Required work:
The lines to extract run from the first line of the entries through the line that contains "Baddie Latina emoji"; reproduce exactly those lines and no others.

Provided data:
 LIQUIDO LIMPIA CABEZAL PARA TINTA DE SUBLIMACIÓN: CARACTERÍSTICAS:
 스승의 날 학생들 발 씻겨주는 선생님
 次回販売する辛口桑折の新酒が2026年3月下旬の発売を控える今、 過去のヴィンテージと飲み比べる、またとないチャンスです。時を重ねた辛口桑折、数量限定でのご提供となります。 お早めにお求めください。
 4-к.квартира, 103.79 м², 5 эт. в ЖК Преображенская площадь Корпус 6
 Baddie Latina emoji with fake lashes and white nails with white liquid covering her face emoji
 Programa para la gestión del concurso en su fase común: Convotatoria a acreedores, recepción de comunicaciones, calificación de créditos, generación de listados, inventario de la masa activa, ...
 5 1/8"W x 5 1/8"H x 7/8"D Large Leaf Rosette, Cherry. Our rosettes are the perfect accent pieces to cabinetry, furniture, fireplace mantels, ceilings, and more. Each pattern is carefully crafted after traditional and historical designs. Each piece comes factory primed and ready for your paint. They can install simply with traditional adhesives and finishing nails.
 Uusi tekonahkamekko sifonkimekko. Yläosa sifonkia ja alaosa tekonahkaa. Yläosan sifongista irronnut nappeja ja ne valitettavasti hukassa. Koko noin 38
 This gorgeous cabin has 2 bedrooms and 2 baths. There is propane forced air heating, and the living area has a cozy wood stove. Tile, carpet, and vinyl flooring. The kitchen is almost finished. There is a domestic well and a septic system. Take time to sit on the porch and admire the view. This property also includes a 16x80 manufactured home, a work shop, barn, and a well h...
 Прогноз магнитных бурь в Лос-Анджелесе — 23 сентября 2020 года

Exercise output:
 LIQUIDO LIMPIA CABEZAL PARA TINTA DE SUBLIMACIÓN: CARACTERÍSTICAS:
 스승의 날 학생들 발 씻겨주는 선생님
 次回販売する辛口桑折の新酒が2026年3月下旬の発売を控える今、 過去のヴィンテージと飲み比べる、またとないチャンスです。時を重ねた辛口桑折、数量限定でのご提供となります。 お早めにお求めください。
 4-к.квартира, 103.79 м², 5 эт. в ЖК Преображенская площадь Корпус 6
 Baddie Latina emoji with fake lashes and white nails with white liquid covering her face emoji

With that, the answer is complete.